‘We’ve all been mistaken for the secretary’

4 minute read

Australian women are still struggling for equality in healthcare leadership, and the pandemic did not help.

Despite women regularly making up more than half of new med school enrolments, researchers warn that the fight for gender equality in Australian medicine is far from over.

Women make up three-quarters of the country’s healthcare workforce; one in four working Australian women is employed in the health sector.

Health leadership, however, is a different story.

Fewer than half of Australia’s medical deans, public healthcare board chairs, chief medical officers and private hospital CEOs are women.

Just two AMA presidents have been female in the association’s 60-year history.

General practice has performed slightly better, with six female RACGP presidents over the same time period.

While it can be easy to assume that women in Australia have already fought the gender equality battle and won, women’s health researcher Professor Helena Teede told The Medical Republic that a lot of progress had been lost during the pandemic.

“The imbalance between the [makeup of the] frontline workforce and the leadership is quite stuck,” she said.

“And it’s not getting better, especially not through covid – the statistics are showing that we’ve plateaued.”

Professor Teede is the chief investigator for the Australian arm of the Advancing Women in Healthcare Leadership initiative, which is supported by a mix of government funding, grants and 21 industry partners.

Too often, she’s heard female doctors tell stories about being mistaken for another member of the healthcare team.

“Every woman’s got countless stories about how they’ve walked into rooms as the doctor or the surgeon and it’s been assumed that they’re the secretary,” Professor Teede said.

The AMA, which is one of the lead partners on the project, collaborated with AWHL to run a workshop last week where it set priorities to create a strategy that will support women to take on leadership positions within the organisations.

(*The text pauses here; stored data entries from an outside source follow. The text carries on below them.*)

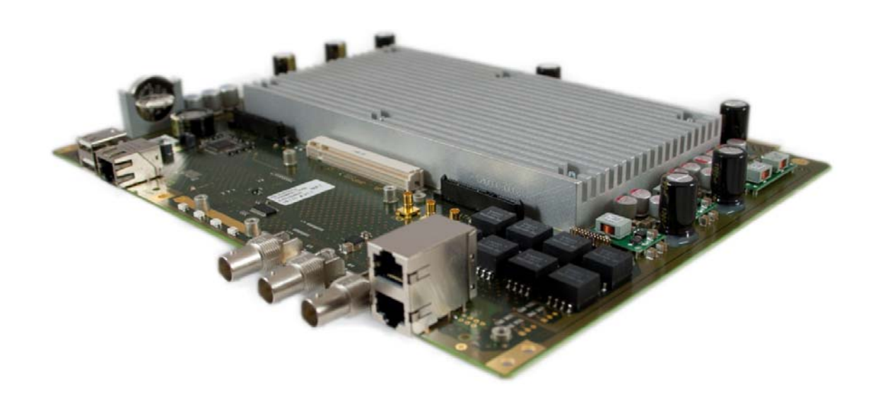
Figure 1 – MVC201 – front

The MVC201 is a printed circuit board (PCB) designed for integration into a Texas Instruments (TI) Series 2 DLP Cinema projector. The module's cryptographic boundary is the outer edge of the PCB. All parts outside the physically protected area on the board are excluded from the requirements of FIPS 140-2 because they are non-security relevant and cannot be used to compromise the security of the module.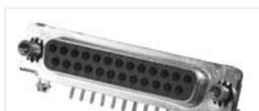
TE Part #5745781-4 09 MSFL RCPT RA 318 (IN,FM)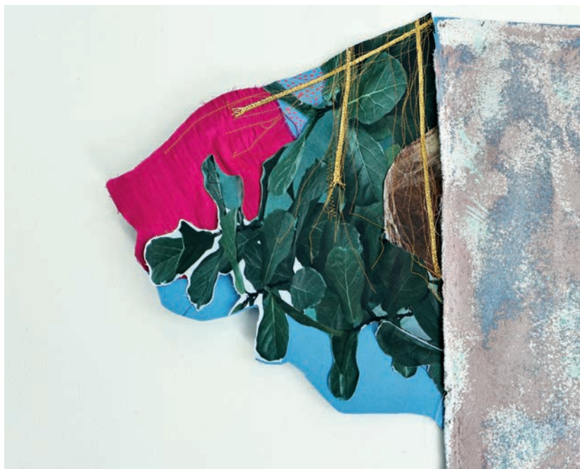
Nadia Shihab: Rough Cut , 2020 (detail); inkjet print on cotton, embroidery, and acrylic paint; dimensions variable; courtesy of the artist.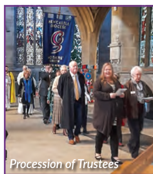
Procession of Trustees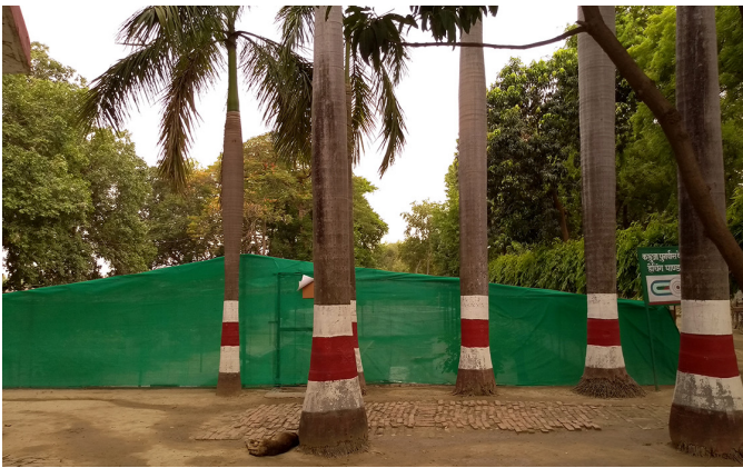
Fig. 3. Enclosures covered with green shade to minimize interaction with humans.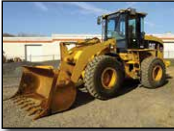
'04 CAT 928G

2004 CATERPILLAR Model 928G Rubber Tired Loader , s/n DJD00723, powered by Cat 3056E diesel engine and powershift transmission, equipped with 2.9 cu. yd. GP bucket with teeth and segments, ride control, EROPS cab with air conditioning, and 20.5R25 tires. In good condition with good tires. (Meter Reads 4,702 Hours) (Recent ECM Replaced and New Electronic Injection Pump)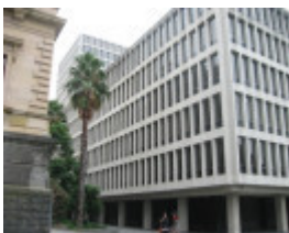
State Government Offices Treasury Precinct, April 2012.JPG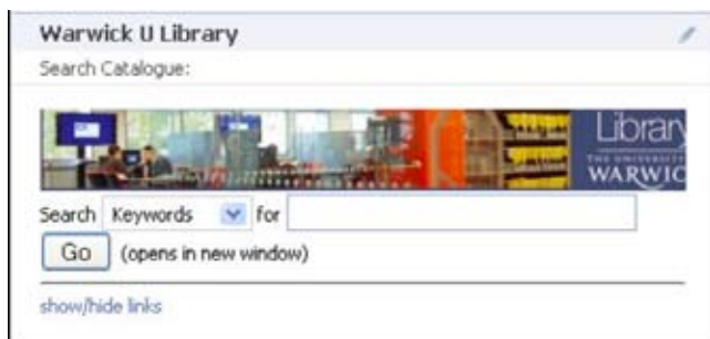
Figure 2. Warwick's Facebook catalogue application

and launch the catalogue application (see Figure 2), which now has 724 users.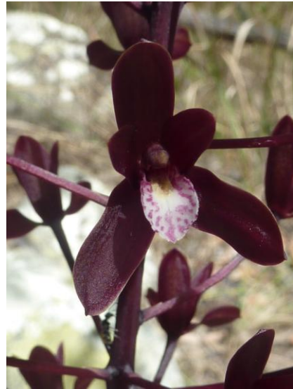
Black Orchid, Channelled Boat-Lip Orchid, Tiger Boat-Lip Orchid Cymbidium canaliculatum

This hardy species grows across northern Australia, most parts of Queensland and northern New South Wales. It is an epiphyte of the open forests and grows high up in ironbark and other eucalypts well above reach of fires. They grow in dense clumps of pseudo bulbs.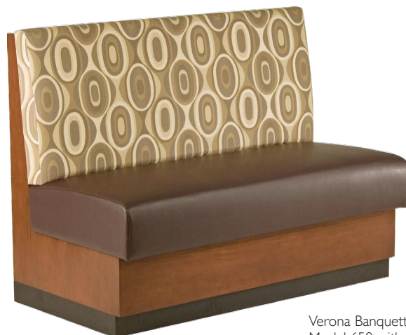
Verona Banquette Model 650 with Wood Veneer Frame

End of Life: Recycling & Reuse ERG designs our products so that they can be easily disassembled and separated for recycling or reuse at the end of a products useful life.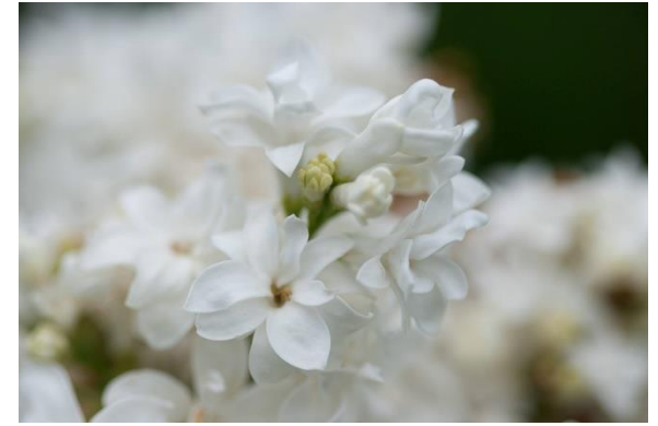
The Wonder of Nature.

Looking to be part of the action behind the scenes? Registering late and want to reduce the registration fee? Be part of our Workforce! We have volunteer opportunities for a wide variety of skills and interests: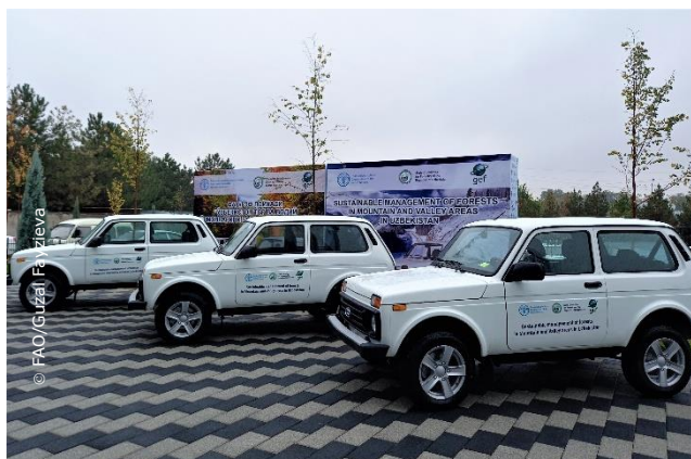
NIVA off-road vehicles purchased by FAO for state forest organizations

FAO handed over special NIVA off-road vehicles to the Pop, Dehkanabad and Kitab forestry organizations within the framework of the project “Sustainable Forest Management in Mountain and Valley Areas of Uzbekistan”. Special off-road vehicles were purchased by FAO to solve the issue of transportation in hard-to-reach mountain regions when performing the tasks of the project.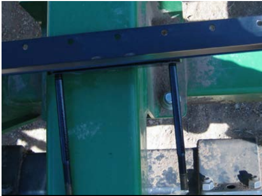
Photo E. RH wing outer end. Brkt #0004. Tray is attached via 1/2 x 3/4" buttonhead bolts threaded into U-bracket. Assembly pulled up off the frame tube for viewing.

1) Trays are only used on the wings. Wing trays attach their inner end using slotted brkt #0013 that sets over front gusset of frame tube, protruding forward , with 1/2" x 5.5" thru-bolt holding it (need photo).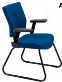
L9001 T A : 20 1/2" C : 18" E : 17"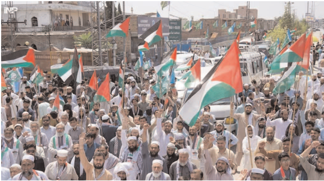
PESHAWAR: Jamaat-e-Islami activists protesting against Israel.

The deteriorating performance of institutions in the province, he said, serves as clear evidence of this claim.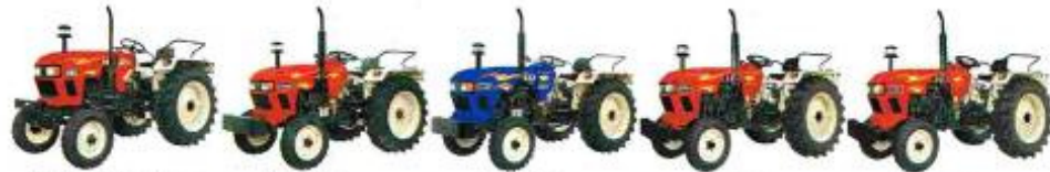
EICHER 242 Xtras Premium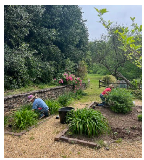
Shout out to all the many volunteers, past and present, who keep the Garden beautiful, THANK YOU!

These tours last approximately an hour and focus on the Garden's history, development, and seasonal highlights.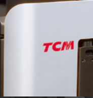
performance silver (only available in the UK)

TCM offers a broad range of options for maximum customisation. Please ask your dealer.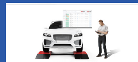
Drive over tire tread depth scanner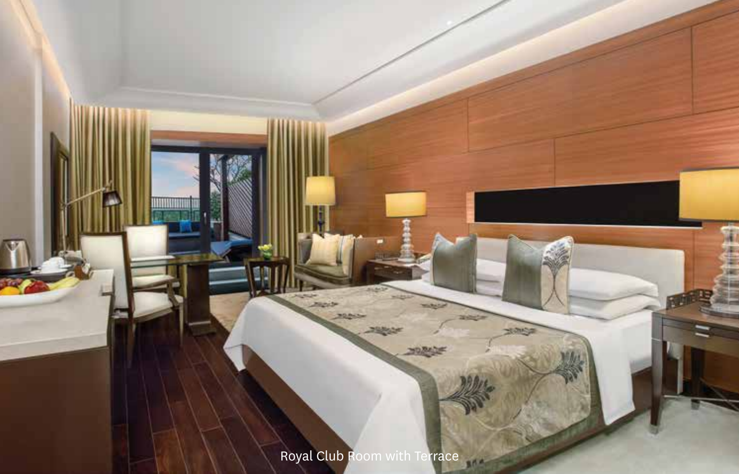
Royal Club Room with Terrace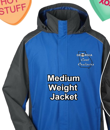
Medium Weight Jacket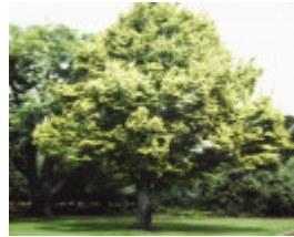
T11320 Ulmus x hollandica 'Wredei'

“The evidence is crystal clear that organisations increasing their share of women in leadership perform better overall,” president Professor Steve Robson said. “We are committed to increasing women’s representation in the AMA leadership and representation structure and promoting this across the medical profession.”

The AMA has set a target of women eventually holding 50% of federal AMA representative positions.

Affirmative action targets like these, Professor Teede said, can be perceived as unfair or appear to undermine merit.

She would like to see that thinking changed.

“Merit perpetuates bias and privilege,” she said.

“[Often] people frame the best person for the job as someone who looks like all the other leaders who they are interviewing – someone who’s gone to Philadelphia and done a cardiac fellowship because they could, because their wife went over with their kids and allowed them to do it – as opposed to a woman who can’t drag their three children and husband or wife halfway across the world.”

“Then you’ve got career disruptions and difficulties with conference attendance.

“All the traditional metrics we have for success, for standing out – there are barriers for women to do that.”

When considering the best person for a job, Professor Teede argued, it can be more enlightening to consider what opportunities they have or haven’t been afforded.

“Is the person the one who went to Philadelphia for two years [the better pick] or is it actually the person who stayed here and built your unit?” she said.

Professor Teede also emphasised that leadership should be measured in the influence that a person has over their work environment, rather than their formal job description.  

“Targets with transparent reporting can be quite powerful to force people to think about those things like merit differently,” she said.